▶ TO DO
Give again, unaltered, the lines of the listing below that run from the line having "猫共存住宅といえばこの方!本" through the line having "Cawayi ケンネル ドッグ".
------ TASK INPUT
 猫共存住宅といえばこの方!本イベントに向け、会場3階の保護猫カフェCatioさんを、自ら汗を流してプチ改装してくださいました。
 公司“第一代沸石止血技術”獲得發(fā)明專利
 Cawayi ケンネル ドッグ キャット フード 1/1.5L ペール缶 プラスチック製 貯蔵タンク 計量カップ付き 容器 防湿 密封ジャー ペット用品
------------
------ TASK INPUT
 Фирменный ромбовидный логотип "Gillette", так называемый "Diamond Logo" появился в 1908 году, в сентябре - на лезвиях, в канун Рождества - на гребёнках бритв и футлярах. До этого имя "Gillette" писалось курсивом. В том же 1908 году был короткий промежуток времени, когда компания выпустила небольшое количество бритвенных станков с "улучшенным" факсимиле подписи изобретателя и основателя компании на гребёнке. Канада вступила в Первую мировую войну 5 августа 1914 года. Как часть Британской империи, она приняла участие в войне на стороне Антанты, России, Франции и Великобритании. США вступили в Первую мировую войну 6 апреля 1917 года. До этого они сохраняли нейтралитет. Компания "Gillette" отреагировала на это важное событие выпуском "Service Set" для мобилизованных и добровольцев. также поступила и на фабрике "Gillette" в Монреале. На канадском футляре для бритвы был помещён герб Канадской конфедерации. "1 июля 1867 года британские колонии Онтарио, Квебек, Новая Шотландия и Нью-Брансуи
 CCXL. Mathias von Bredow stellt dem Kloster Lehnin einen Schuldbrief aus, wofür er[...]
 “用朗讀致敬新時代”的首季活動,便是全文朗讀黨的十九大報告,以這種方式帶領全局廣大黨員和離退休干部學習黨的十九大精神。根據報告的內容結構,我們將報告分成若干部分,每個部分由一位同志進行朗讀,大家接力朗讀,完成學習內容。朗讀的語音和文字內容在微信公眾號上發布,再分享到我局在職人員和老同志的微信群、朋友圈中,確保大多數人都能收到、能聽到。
------------
▶ RESULT FOR THIS TASK
 猫共存住宅といえばこの方!本イベントに向け、会場3階の保護猫カフェCatioさんを、自ら汗を流してプチ改装してくださいました。
 公司“第一代沸石止血技術”獲得發(fā)明專利
 Cawayi ケンネル ドッグ キャット フード 1/1.5L ペール缶 プラスチック製 貯蔵タンク 計量カップ付き 容器 防湿 密封ジャー ペット用品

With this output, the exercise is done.